My dear friend Mick Cusimano died peacefully yesterday morning after living with brain cancer for four and a half years.

After his operation in February 2018, the surgeons gave him weeks, and maybe a few months (to live). He got back to his routine of making live film animations, graphic art, performing poetry, jogging, biking, helping to run the open mic at Squawk Coffeehouse and midnight dinners at the Cambridge Common with friends.

At some point, I said, “Hey, Mick, what gives?” He said, “The cancer only got my real brain, not my surreal brain.” Mick, a true bohemian and known affectionately as the “Professor of Surrealism,” did not live in his real brain. The doctors kept giving him deadlines. Instead, Mick made deadlines, turned in films and collected nominations and awards: Cyprus, Paris, Toronto, Rome, Boston, etc. The doctors were confounded. The cancer, befuddled, called Time Out. More festivals, awards, ten-mile bike rides, midnight dinners, vacations—lobster & cigars on Martha’s Vineyard—another coin in his bucket. 

I knew Mick for thirty-two years, walking into Naked City Coffeehouse on his birthday, September 20th, 1990. He was kind, humble and perhaps the most disciplined artist I knew. He didn’t wait for inspiration; he worked every day. And his muses rewarded him.

Visit his (Facebook) page and take in all the joyful, heartfelt tributes. We need them in times like this.

Bon Voyage, Mick!

Richard Cambridge is a writer in Cambridge, Massachusetts. 

KAREN OSTROMECKI

A Star went to Heaven last week.

I remember Mick Cusimano, my friend, filmmaker/cartoonist/poet in Boston, who had a zest for life and art. 

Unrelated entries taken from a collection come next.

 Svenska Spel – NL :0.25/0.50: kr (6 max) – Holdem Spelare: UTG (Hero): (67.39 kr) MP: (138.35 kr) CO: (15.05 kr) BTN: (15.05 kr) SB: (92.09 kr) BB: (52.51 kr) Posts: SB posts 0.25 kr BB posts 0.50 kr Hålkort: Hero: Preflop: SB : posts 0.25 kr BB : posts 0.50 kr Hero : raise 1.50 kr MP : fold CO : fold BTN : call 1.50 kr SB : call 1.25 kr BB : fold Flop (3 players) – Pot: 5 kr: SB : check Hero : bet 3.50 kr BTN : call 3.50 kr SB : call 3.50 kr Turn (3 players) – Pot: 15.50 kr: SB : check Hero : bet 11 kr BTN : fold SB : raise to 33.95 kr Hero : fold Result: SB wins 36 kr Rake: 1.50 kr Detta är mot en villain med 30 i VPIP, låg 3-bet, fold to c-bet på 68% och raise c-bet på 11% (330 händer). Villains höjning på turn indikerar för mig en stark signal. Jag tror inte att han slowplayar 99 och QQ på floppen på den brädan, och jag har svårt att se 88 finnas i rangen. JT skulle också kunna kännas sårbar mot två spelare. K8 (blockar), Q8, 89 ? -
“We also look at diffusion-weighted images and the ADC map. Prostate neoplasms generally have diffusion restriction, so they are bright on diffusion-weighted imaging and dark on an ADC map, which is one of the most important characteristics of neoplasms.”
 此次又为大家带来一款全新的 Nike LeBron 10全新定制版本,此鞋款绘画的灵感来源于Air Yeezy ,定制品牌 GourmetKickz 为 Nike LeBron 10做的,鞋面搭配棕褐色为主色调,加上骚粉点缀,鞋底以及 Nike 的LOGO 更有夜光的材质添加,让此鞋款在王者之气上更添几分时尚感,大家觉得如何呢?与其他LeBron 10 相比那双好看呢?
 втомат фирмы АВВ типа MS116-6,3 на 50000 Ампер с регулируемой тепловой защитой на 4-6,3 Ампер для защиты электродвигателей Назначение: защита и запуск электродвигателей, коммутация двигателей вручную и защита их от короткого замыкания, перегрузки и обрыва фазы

Mick brought people together for improv style, imaginative, whimsical short indie films which formed lasting friendships. 

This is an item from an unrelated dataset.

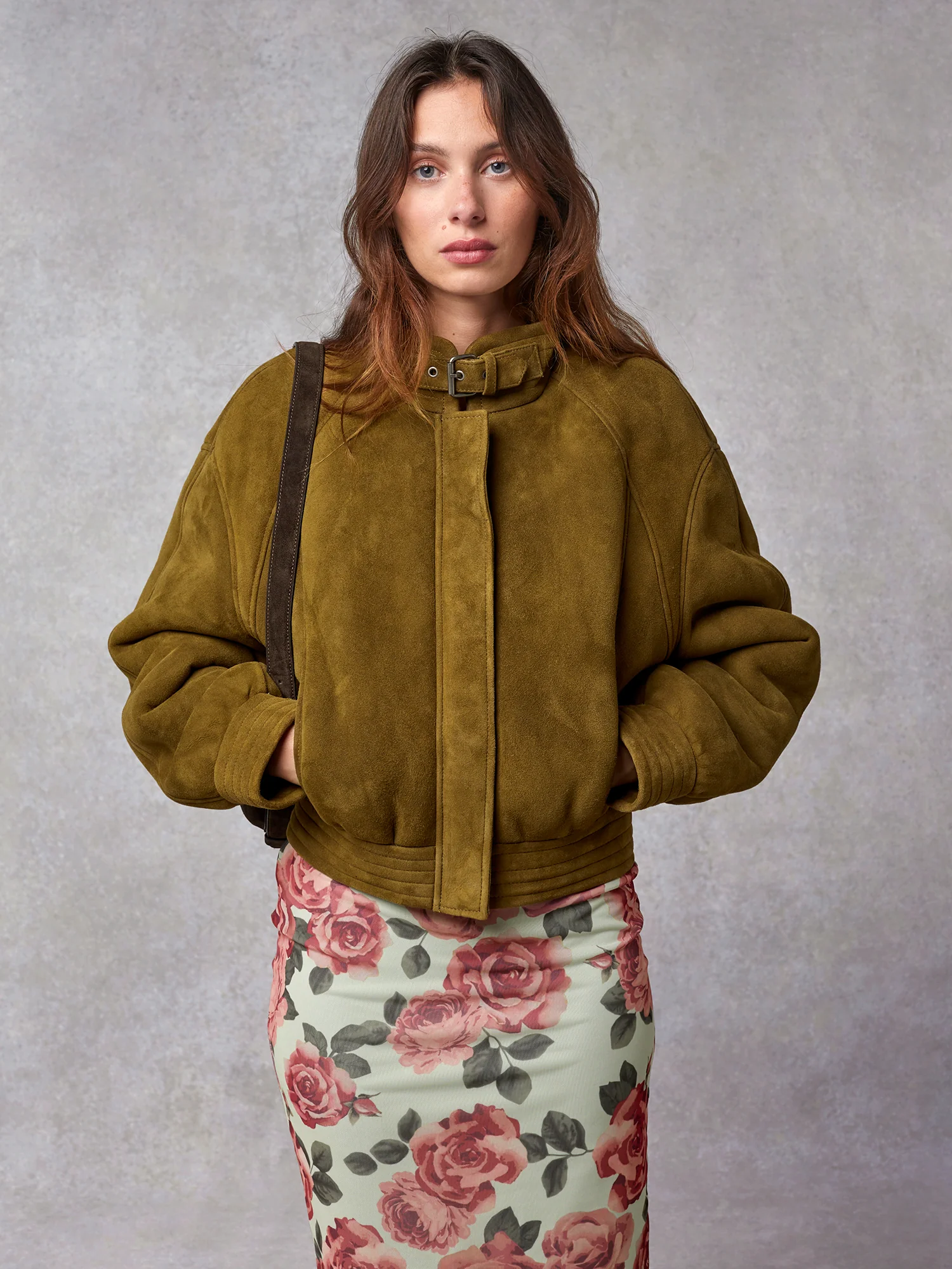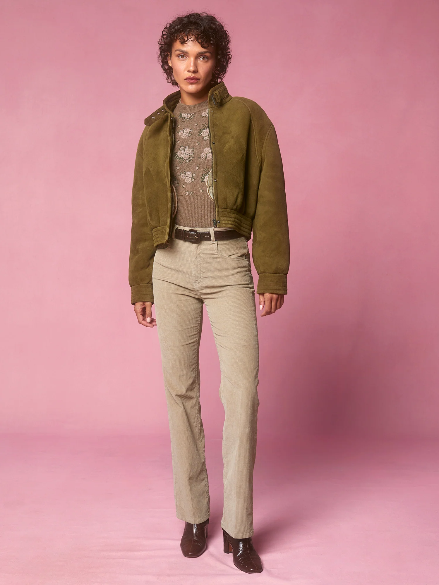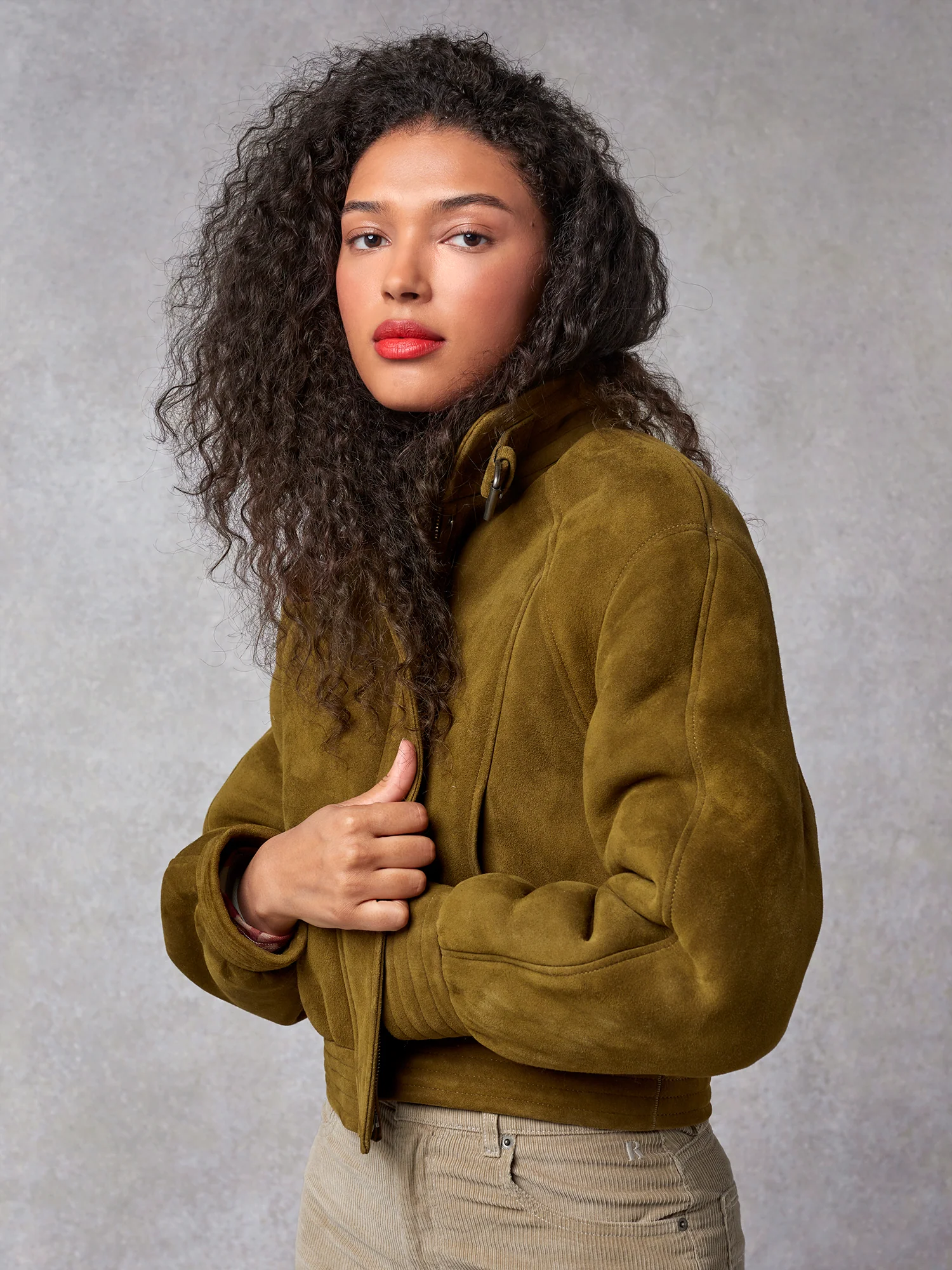 Blouson court style bomber en peau lainée.

After a three-and-a-half-year battle with brain cancer, he was given a week to live and “forgot to die and won a film award instead.” 

We met by crossing paths in Harvard Square, Cambridge, after he recognized me form Boston social events. I helped him with films, including a mermaid movie. Gathering to film (with him) was fun on Plum Island Beach, Chinatown, subway stations, the Aquarium, Harvard Square and elsewhere. 

All who knew him know how relentless and positive he was! He spoke of his experiences as a beatnik poet, working at Harvard University and attending events around the globe from the Coney Island Mermaid Festival to Paris and Cannes, France. 

Overall, he was a nice guy with a heart of gold. 

Rest in Peace, Professor of Surrealism.

Karen Ostromecki is an Interior Designer/kitchen designer and actress. She lives in Rochester, New York.

A Celebration of Mick Cusimano’s life will take place in the Boston/Cambridge area in September 2022.